Das Wehklagen der Unternehmen über den Fachkräftemangel in Österreich ist bekannt und auch nicht unbegründet, in vielen Branchen fehlen tatsächlich gut ausbildete Facharbeiter. Manchmal liegt der Grund dafür, dass Betriebe nicht fündig werden, aber auch darin, dass sie mit falschen Vorstellungen oder auch Vorurteilen an die Mitarbeitersuche herangehen.
AMS-Vorstand Johannes Kopf demonstriert das mit einem Beispiel. Wenn ein Unternehmen nur nach inländischen Männern zwischen 25 und 50 Jahren Ausschau halte, die nicht langzeitarbeitslos sind und keine gesundheitlichen Beeinträchtigungen aufweisen, schränke es sich gehörig ein.
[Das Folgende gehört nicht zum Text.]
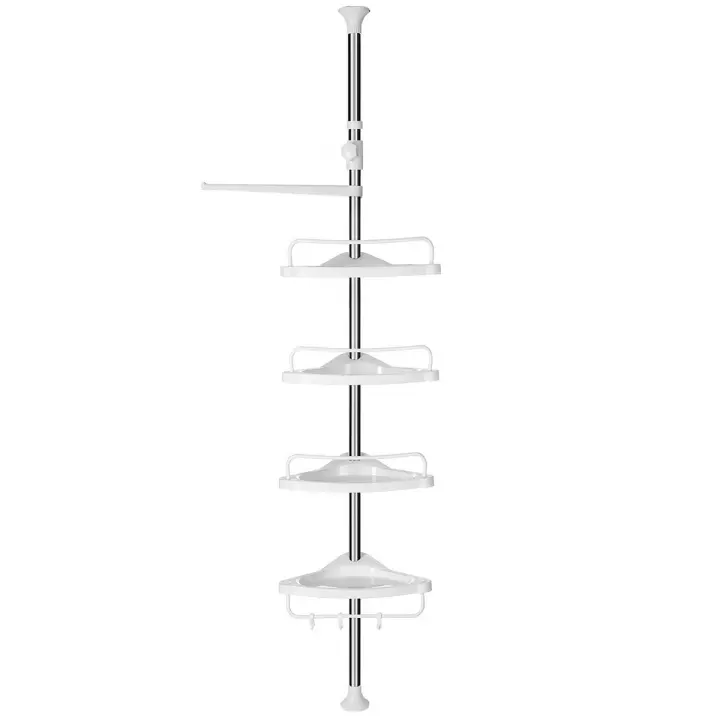 XOKOTAKI Estantería Telescópica de Baño. Estante Esquina de Ducha de Plástico y Metal sin Taladro. Organizador de Bañera, Cocina, Lavabo de Altura Ajustable 180 a 325 cm con 4 Baldas, Toallero y 3 Ganchos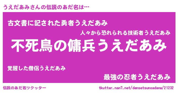 | ヘコむあだ名 | 『うえにゅー』『うえだあみ(遠い目)』 |

Diese Gruppe mache nur 8,5 Prozent der im August beim AMS vorgemerkten 375.000 Arbeitslosen und in Schulung befindlichen Personen aus, sagte Kopf am Donnerstag vor Journalisten.
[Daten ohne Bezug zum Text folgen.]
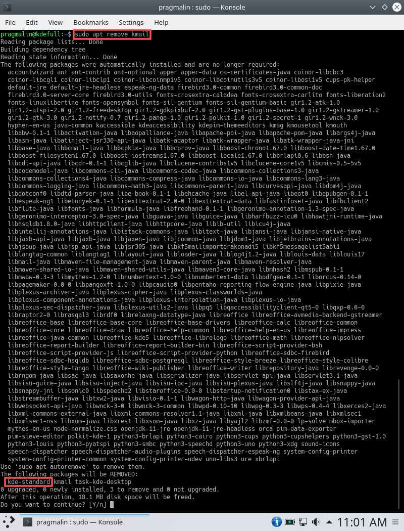 After installing Debian with KDE and logging in for the first time, I noticed a lot of extra desktop applications that I have no need for. Take Kmail for example. I expect that Kmail is a great e-mail client, but I personally prefer Thunderbird. No big deal, right? Just remove Kmail and install Thunderbird. Wrong! Look what happens when you attempt to remove Kmail:

Das AMS sei ständig damit konfrontiert, „dass wir passende Personen bei uns haben, die aber zu keinem Vorstellungsgespräch eingeladen werden, weil sie über 50 Jahre alt sind“, sagt Kopf. Er appelliert daher an Unternehmen, in Zeiten der verstärkten Nachfrage nach Fachkräften aus ihren eingefahrenen Denkmustern auszuscheren. „Hier wird Gold zu ungenau gewaschen.“
Fehleinschätzungen erschwerten auch den rund 117.000 Langzeitarbeitslosen und 113.000 arbeitslosen ausländischen Staatsbürgern den Weg in den Arbeitsmarkt. „Ich kann nur jedem Personalverantwortlichen raten, beim Posteingang den Nachnamen wegzulassen“, sagt Kopf. Jungen ambitionierten Jobsuchenden werde der Einstieg ins Berufsleben durch die Eingangshürde in Stellenausschreibungen erschwert. „In wie vielen Jobinseraten steht drinnen, dass keine Berufserfahrung erforderlich ist?“
Es gibt auch andere Hürden. Laut Umfragen von meinungsraum.at und lifecreator consulting sind rund die Hälfte der Stelleninserate mäßig bis kaum verständlich. Das liege auch daran, dass eine offene Stelle für einen Lehrling oft gleich beworben wird wie ein Inserat für einen Managementjob, sagt lifecreator-Chef Heinz Herczeg, weil alles der Corporate Identity, dem einheitlichen Außenauftritt der Firma, untergeordnet werde.
Wie schwierig es ist, für neue Geschäftsfelder passende Fachkräfte zu finden, erklärte Lukas Scherzenlehner, Vorstand der börsenotierten Cleen Energy, ein Spezialist für Energiesparkonzepte. Obwohl man bereits drei Jahre auf dem Markt sei, habe man die Erfahrung gemacht, „dass wir auf Jobmessen zu 70 Prozent Bewerbern gegenübersaßen, die mit unserer Firma nichts anfangen konnten“. Er bietet nun ein interaktives Online-Tool an, wo Interessierte auf mobilen Endgeräten potenzielle künftige Arbeitskollegen kennenlernen können, Fachthemen per Video verständlich erklärt bekommen oder Referenzvideos von bekannten Kundenfirmen anklicken können.